**TASK BRIEF:** Only one stretch of the data should be retyped: the lines from the line containing "San Nicolas de Myra" through the line containing "毎回好評のキムチも販売します". Keep pictures out of it.
--- EXERCISE MATERIALS ---
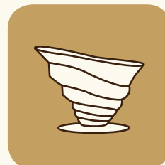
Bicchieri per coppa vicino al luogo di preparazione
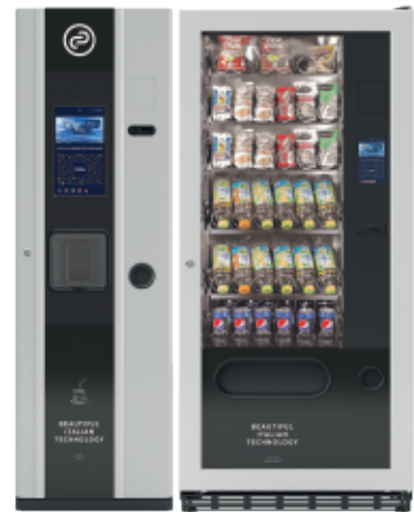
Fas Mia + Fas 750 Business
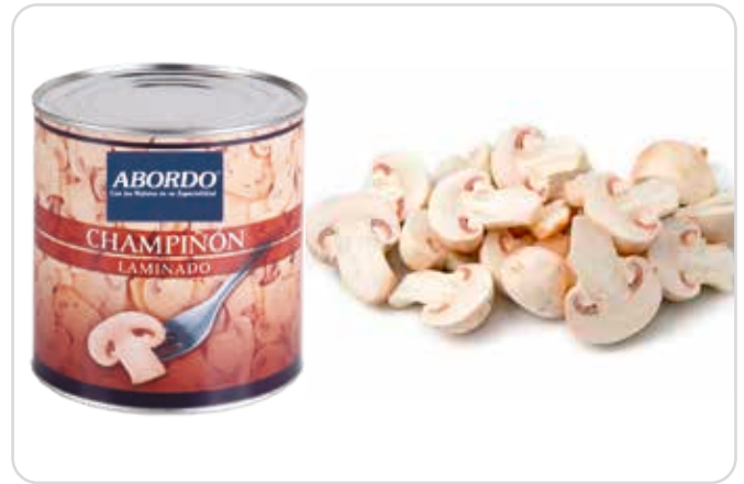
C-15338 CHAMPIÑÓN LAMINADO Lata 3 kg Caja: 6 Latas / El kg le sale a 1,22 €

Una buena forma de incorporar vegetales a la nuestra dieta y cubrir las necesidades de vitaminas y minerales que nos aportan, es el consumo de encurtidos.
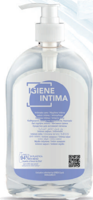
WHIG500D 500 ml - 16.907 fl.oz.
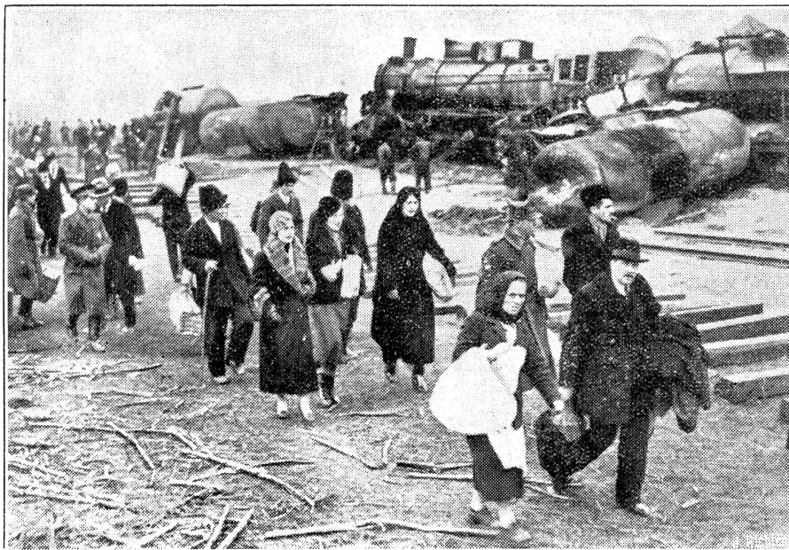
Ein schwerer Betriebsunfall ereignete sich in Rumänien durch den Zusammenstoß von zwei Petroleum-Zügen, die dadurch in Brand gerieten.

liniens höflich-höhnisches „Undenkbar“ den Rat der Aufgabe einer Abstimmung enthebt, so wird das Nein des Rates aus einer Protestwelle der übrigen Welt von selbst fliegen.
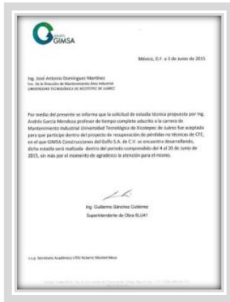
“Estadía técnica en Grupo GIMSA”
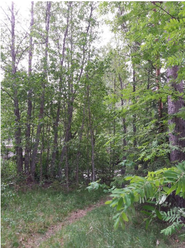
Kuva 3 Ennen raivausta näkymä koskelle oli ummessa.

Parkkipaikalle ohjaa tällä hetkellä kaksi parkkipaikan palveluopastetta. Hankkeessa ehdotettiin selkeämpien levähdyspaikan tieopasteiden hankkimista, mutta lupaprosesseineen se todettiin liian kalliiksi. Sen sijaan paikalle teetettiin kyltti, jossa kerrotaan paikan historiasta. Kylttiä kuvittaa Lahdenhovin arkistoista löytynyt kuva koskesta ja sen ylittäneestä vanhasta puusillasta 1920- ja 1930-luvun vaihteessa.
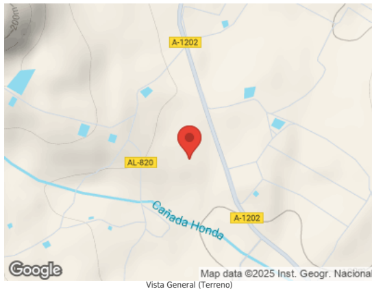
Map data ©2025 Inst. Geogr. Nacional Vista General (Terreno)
---
--- EXERCISE MATERIALS ---
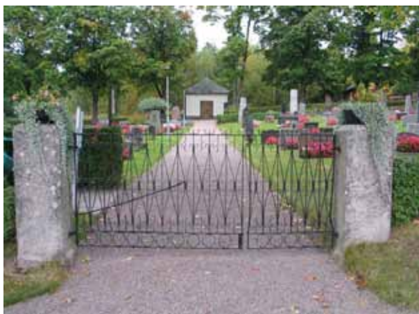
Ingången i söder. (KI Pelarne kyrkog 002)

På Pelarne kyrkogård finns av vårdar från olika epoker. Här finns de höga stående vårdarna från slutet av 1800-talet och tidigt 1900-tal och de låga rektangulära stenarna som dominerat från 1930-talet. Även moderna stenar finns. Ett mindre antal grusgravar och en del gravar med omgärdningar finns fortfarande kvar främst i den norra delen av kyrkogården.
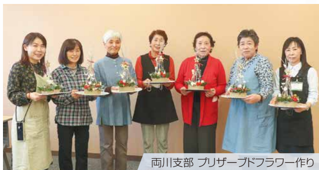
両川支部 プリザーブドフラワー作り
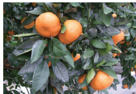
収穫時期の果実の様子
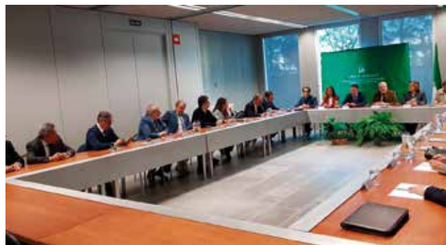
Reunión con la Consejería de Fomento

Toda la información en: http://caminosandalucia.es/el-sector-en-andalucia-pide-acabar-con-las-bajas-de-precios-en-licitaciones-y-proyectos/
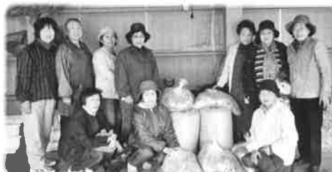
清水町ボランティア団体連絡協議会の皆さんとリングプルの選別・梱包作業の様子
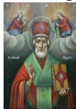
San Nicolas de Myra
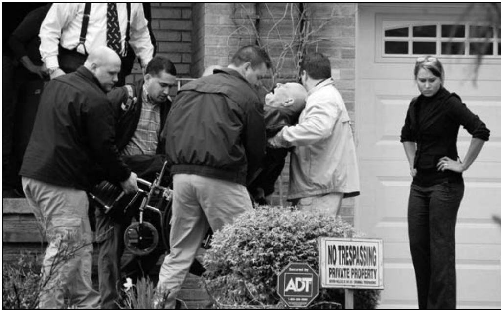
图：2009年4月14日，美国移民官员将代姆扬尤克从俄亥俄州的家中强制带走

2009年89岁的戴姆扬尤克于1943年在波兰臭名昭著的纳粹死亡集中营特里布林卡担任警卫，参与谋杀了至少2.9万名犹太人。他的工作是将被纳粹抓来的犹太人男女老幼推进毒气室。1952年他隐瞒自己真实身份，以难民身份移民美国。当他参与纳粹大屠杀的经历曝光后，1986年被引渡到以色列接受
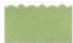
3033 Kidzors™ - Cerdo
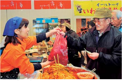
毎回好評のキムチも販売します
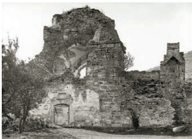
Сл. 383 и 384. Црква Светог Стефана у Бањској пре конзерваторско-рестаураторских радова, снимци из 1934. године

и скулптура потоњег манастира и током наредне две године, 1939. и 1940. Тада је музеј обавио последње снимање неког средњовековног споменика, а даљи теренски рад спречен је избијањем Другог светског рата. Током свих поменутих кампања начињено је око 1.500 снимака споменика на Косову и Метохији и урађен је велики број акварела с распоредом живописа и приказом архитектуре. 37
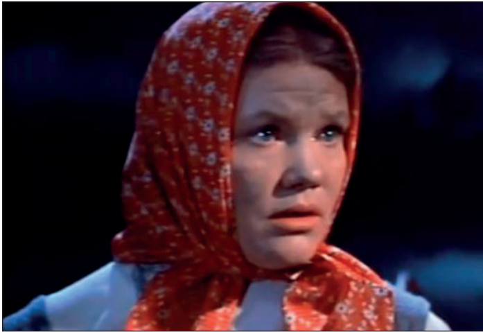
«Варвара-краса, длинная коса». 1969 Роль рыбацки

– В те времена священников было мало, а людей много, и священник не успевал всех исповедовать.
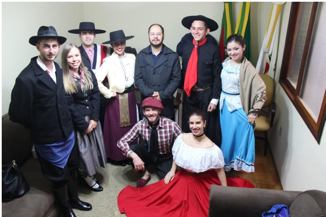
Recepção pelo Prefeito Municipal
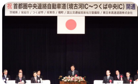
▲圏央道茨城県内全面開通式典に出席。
---
**OUTPUT FOR THIS EXERCISE:**
San Nicolas de Myra
图：2009年4月14日，美国移民官员将代姆扬尤克从俄亥俄州的家中强制带走

2009年89岁的戴姆扬尤克于1943年在波兰臭名昭著的纳粹死亡集中营特里布林卡担任警卫，参与谋杀了至少2.9万名犹太人。他的工作是将被纳粹抓来的犹太人男女老幼推进毒气室。1952年他隐瞒自己真实身份，以难民身份移民美国。当他参与纳粹大屠杀的经历曝光后，1986年被引渡到以色列接受
3033 Kidzors™ - Cerdo
毎回好評のキムチも販売します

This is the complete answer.